CRON JOBS AND HOW THEY ARE RUN IN KUBERNETES

CRON JOBS AND HOW THEY ARE RUN IN KUBERNETES

So what are Cron Jobs?

Before Crons, it was hard running repetitive tasks. System administrators had to manually rerun commands based on time and date. Phew? I am sure that was somewhat hard. But shortly after, the concept of Crons came, a cron is a long-running process that executes commands at specific dates and times, it majorly started with Unix based operating systems. However, a cron job is a task that we scheduled by this process(:saving grace)

The Kubernetes cron job came at a time where Kubernetes lovers wanted to run cron jobs for tasks and applications within Kubernetes

Elements of every Cron Job

  • The script to be executed
  • Command that executes the script
  • Action/Output of the script

Prerequisites

  • A Kubernetes Cluster( Minikube preferred)
  • Knowledge of Kubernetes is recommended but not mandatory
  • Kubectl CLI

There are Kubernetes Jobs and Kubernetes Cron Jobs, let's compare!

Kubernetes is generally known to be an all in one solution for automating deployments, scaling and managing containerized (oops, learn about containers here ) applications. If you’re anything like me, you’ll be wondering what the difference between these two are, let’s see...

Kubernetes Jobs:

This is a type of Kubernetes workload only useful when there are finite tasks. It is similar to a batch processor and as such useful for large computations. They are like Kubernetes controllers only that they manage the task till it is completed. To better understand Kubernetes Jobs, here is a sample manifest from the official Kubernetes documentation

apiVersion: batch/v1
kind: Job
metadata:
  name: pi
spec:
  template:
    spec:
      containers:
      - name: pi
        image: perl
        command: ["perl",  "-Mbignum=bpi", "-wle", "print bpi(2000)"]
      restartPolicy: Never
  backoffLimit: 4

Kubernetes Cron Jobs:

This right here is our focus for this tutorial. The Kubernetes Cron Job is simply a Kubernetes Job with scheduling capabilities and some other specific parameters to handle failure.The Cron Job API became a standard feature in Kubernetes Version 1.8 and has been widely accepted.
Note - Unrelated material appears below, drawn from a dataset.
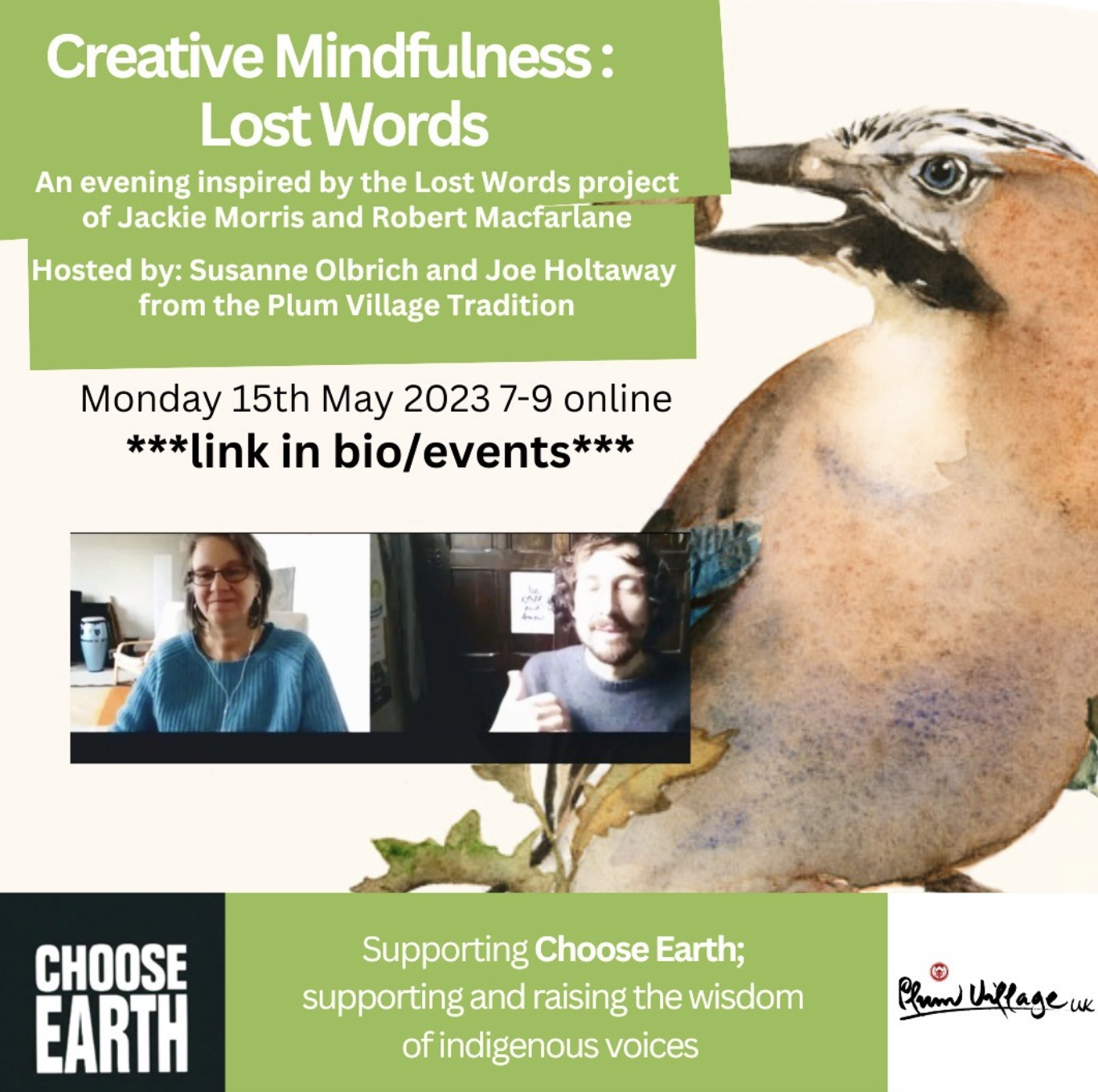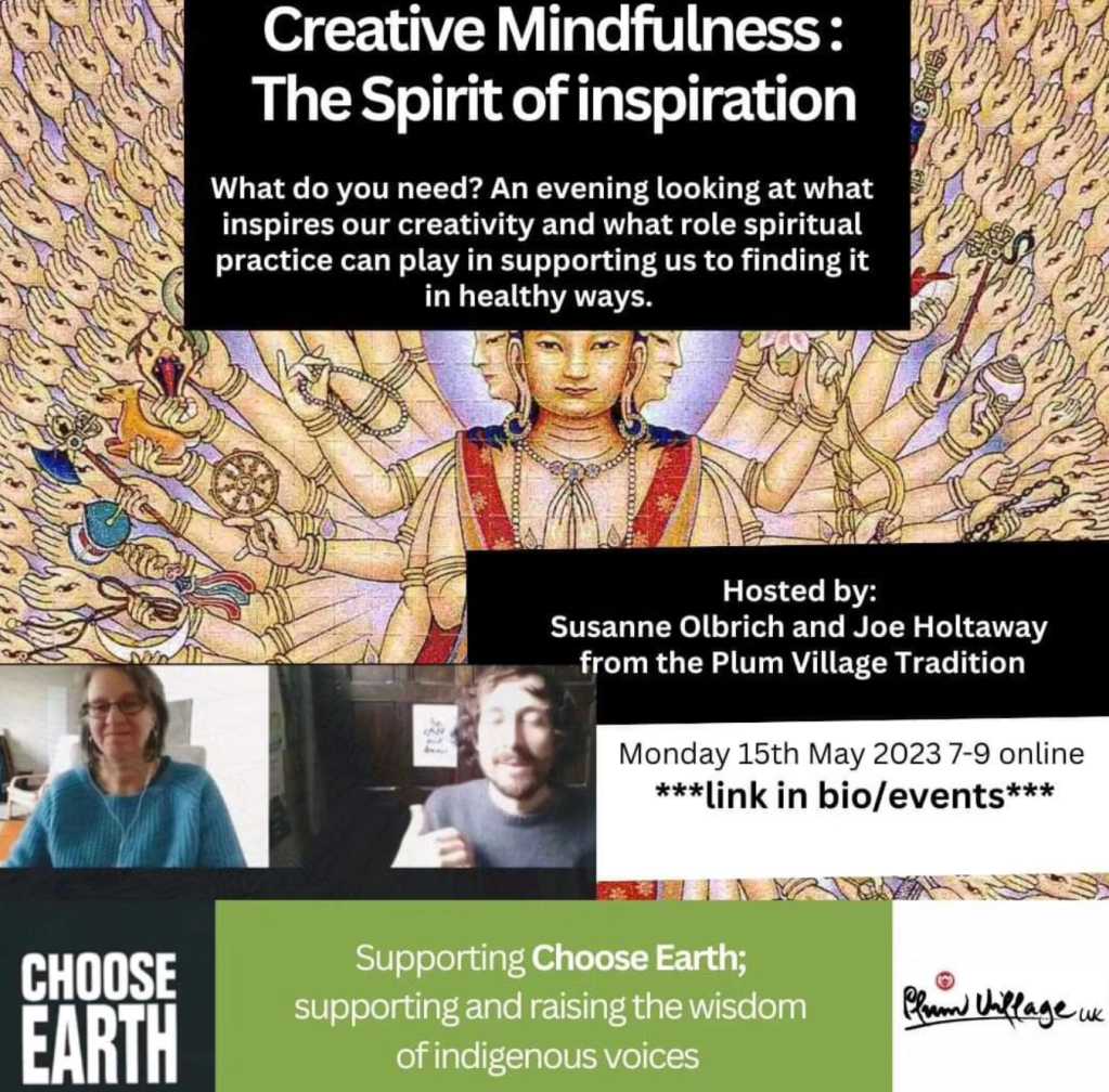 2 more events that had me online this month were Creative Mindfulness and Being Peace Fundraiser, both in the Plum Village UK community of Thich Nhat Hanh. Thanks those who have been online with myself and teacher in the community, Susanne Olbrich, exploring what it mean to be creative through the lens of mindfulness. The last 2 sessions looked at the Lost Words, a folk music project with UK folk artists, bringing musical life to a poetry book by Robert Mcfarlane about nature’s lost words and in the second session, how we can use our creativity to create a mythical being – our support spirit to enliven us and our arts and otherwise in life. You can find more about the events here, continuing in September after our Summer pause.

Let’s create a Kubernetes Cron Job with this sample manifest also from the official Kubernetes documentation

Create a file say hellocronjob.yaml

apiVersion: batch/v1beta1
kind: CronJob
metadata:
  name: hello
spec:
  schedule: "*/1 * * * *"
  jobTemplate:
    spec:
      template:
        spec:
          containers:
          - name: hello
            image: busybox
            args:
            - /bin/sh
            - -c
            - date; echo Hello from the Kubernetes cluster
          restartPolicy: OnFailure

Everything you need to know about Kubernetes Cron Jobs

We have our declarative manifest above in a file called hellocronjob.yaml. Let's do a little CRUD(Create, Read, Update, Delete) on our Cron Jobs.

Creating a Cron Job

Some of the key components of our hellocronjob.yaml file is defined below.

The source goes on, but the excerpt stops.